Work order -
Output the data below only from the line containing "1~3年生の団体競技は玉入れ,4~6年生はコーン取り合戦を行いました。" up to and including the line containing "Mandhari ya nguvu", exact and with the pictures left out.

Exercise inputs -
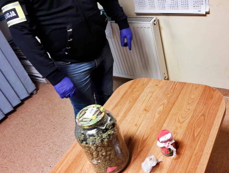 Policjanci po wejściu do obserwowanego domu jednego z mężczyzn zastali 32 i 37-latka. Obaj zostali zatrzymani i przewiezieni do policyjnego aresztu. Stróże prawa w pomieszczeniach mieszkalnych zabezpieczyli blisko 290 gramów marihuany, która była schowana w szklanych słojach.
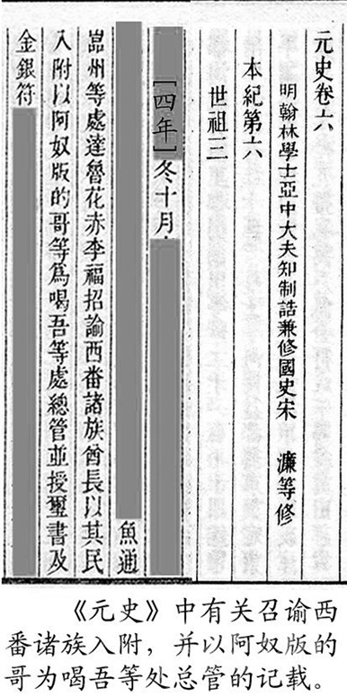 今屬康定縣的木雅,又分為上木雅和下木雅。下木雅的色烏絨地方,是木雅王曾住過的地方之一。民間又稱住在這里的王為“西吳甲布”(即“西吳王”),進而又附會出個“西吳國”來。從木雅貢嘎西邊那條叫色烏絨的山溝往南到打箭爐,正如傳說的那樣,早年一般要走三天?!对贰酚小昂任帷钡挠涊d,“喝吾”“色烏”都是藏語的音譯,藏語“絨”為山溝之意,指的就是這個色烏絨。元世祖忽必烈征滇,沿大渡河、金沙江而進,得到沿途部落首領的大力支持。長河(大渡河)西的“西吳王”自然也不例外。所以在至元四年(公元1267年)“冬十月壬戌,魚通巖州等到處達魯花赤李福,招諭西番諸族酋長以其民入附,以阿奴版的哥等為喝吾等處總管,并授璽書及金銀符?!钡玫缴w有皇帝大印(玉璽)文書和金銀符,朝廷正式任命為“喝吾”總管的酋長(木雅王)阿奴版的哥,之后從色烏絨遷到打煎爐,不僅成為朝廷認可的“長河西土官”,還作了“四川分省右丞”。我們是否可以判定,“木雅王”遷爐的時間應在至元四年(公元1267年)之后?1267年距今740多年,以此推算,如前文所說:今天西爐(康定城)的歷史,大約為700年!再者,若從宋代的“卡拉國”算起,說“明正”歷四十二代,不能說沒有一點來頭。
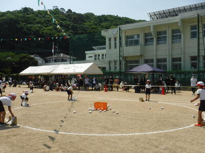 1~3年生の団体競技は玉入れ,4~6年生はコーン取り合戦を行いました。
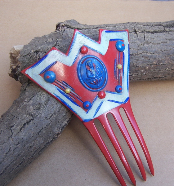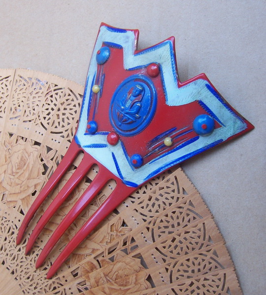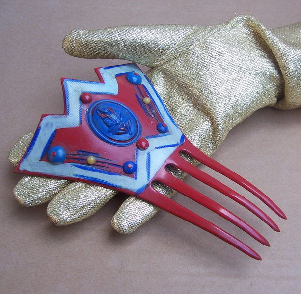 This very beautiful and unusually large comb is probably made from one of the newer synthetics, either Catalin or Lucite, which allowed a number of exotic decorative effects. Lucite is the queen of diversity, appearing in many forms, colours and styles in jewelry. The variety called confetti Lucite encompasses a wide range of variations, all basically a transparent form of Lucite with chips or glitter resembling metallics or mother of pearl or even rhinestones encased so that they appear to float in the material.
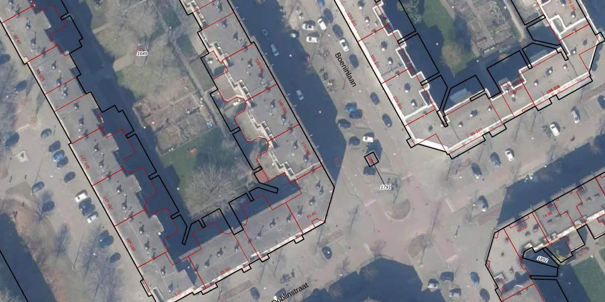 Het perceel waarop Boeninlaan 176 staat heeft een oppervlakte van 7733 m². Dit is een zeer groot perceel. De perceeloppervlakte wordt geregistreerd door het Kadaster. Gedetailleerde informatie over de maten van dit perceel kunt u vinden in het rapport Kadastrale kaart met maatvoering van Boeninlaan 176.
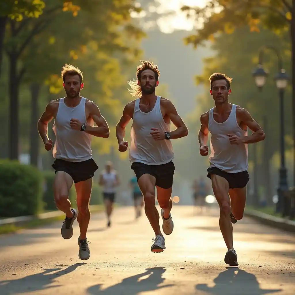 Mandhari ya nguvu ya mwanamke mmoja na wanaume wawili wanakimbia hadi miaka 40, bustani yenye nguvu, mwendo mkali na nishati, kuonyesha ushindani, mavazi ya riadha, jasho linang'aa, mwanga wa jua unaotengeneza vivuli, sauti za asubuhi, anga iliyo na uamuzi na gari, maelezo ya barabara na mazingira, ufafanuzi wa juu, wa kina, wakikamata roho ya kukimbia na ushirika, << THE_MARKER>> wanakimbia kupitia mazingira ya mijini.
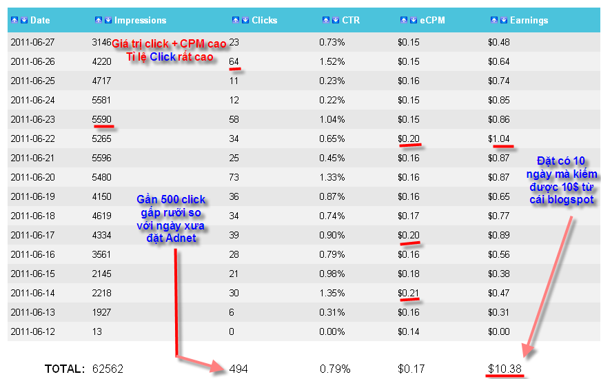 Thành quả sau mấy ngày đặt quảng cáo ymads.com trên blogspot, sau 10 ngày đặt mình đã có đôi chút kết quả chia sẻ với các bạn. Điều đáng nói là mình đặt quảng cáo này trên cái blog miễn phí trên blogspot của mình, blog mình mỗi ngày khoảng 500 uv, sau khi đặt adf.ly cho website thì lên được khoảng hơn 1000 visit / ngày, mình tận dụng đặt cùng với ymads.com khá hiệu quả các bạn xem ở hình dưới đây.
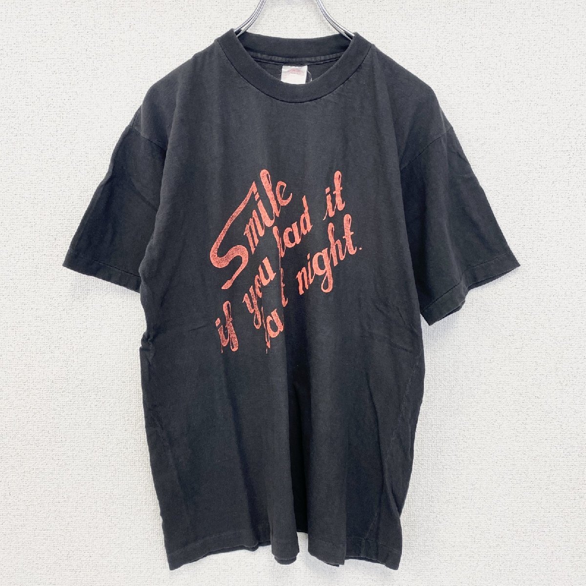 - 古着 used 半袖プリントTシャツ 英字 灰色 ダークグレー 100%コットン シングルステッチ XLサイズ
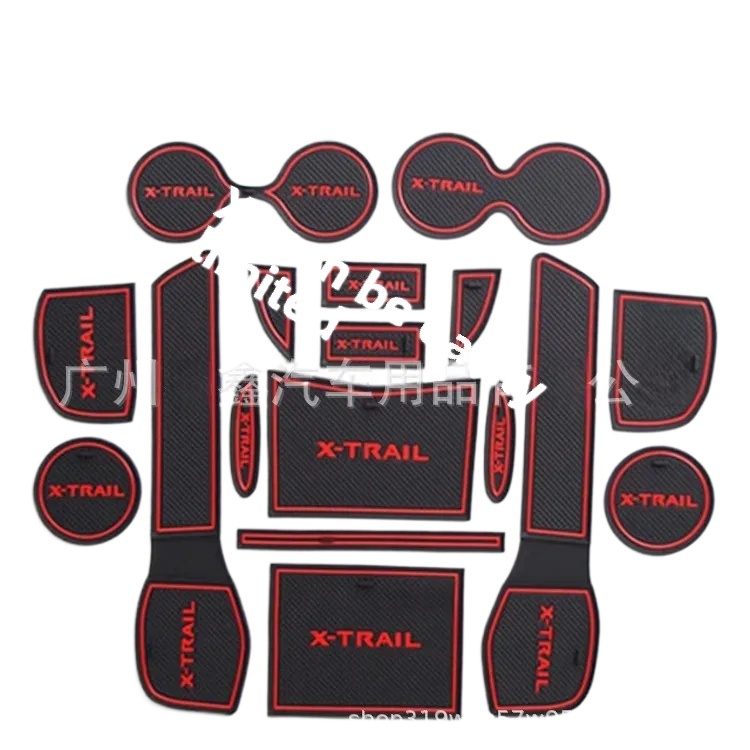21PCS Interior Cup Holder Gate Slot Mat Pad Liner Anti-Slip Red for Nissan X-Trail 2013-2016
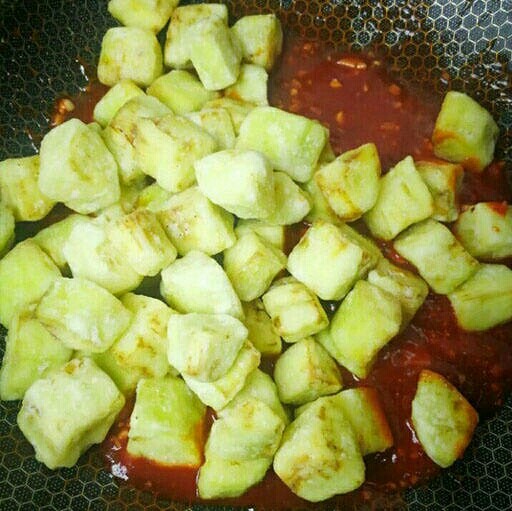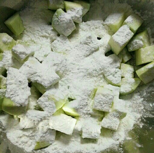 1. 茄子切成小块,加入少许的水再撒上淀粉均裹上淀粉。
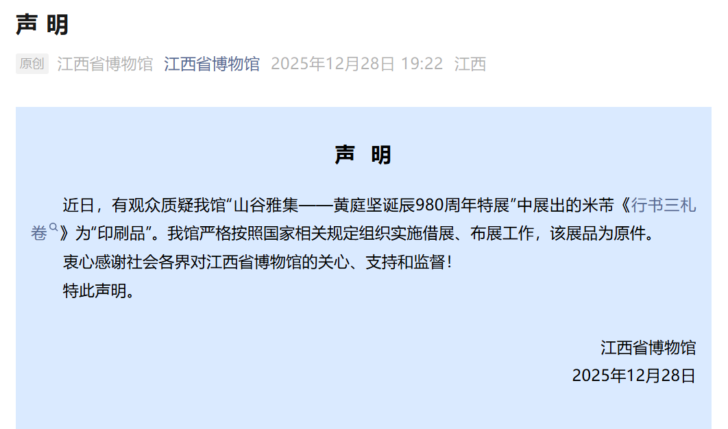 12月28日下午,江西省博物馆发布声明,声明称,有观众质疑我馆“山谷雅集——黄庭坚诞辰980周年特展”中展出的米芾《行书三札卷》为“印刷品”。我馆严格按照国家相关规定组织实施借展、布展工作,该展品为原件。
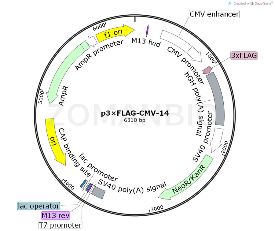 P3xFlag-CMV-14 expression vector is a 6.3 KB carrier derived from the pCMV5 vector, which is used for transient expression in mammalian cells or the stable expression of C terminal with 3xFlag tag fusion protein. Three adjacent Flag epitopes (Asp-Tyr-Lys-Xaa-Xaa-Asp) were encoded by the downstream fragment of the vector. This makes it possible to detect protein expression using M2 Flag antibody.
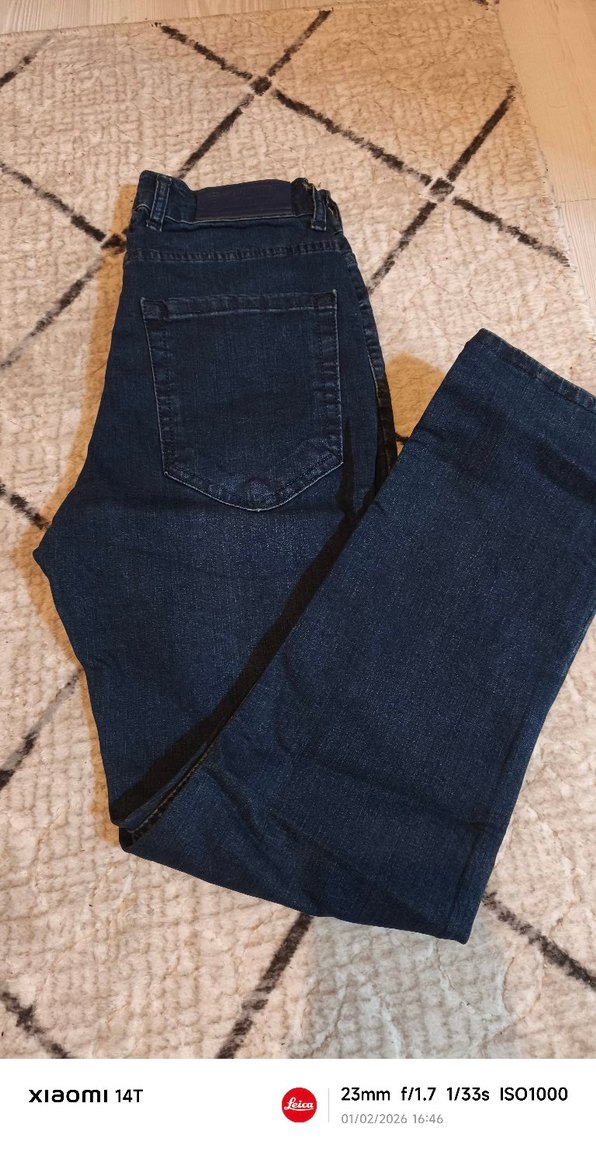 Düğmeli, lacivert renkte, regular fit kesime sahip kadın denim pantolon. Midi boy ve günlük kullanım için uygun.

Expected answer -
 1~3年生の団体競技は玉入れ,4~6年生はコーン取り合戦を行いました。
 This very beautiful and unusually large comb is probably made from one of the newer synthetics, either Catalin or Lucite, which allowed a number of exotic decorative effects. Lucite is the queen of diversity, appearing in many forms, colours and styles in jewelry. The variety called confetti Lucite encompasses a wide range of variations, all basically a transparent form of Lucite with chips or glitter resembling metallics or mother of pearl or even rhinestones encased so that they appear to float in the material.
 Het perceel waarop Boeninlaan 176 staat heeft een oppervlakte van 7733 m². Dit is een zeer groot perceel. De perceeloppervlakte wordt geregistreerd door het Kadaster. Gedetailleerde informatie over de maten van dit perceel kunt u vinden in het rapport Kadastrale kaart met maatvoering van Boeninlaan 176.
 Mandhari ya nguvu ya mwanamke mmoja na wanaume wawili wanakimbia hadi miaka 40, bustani yenye nguvu, mwendo mkali na nishati, kuonyesha ushindani, mavazi ya riadha, jasho linang'aa, mwanga wa jua unaotengeneza vivuli, sauti za asubuhi, anga iliyo na uamuzi na gari, maelezo ya barabara na mazingira, ufafanuzi wa juu, wa kina, wakikamata roho ya kukimbia na ushirika, << THE_MARKER>> wanakimbia kupitia mazingira ya mijini.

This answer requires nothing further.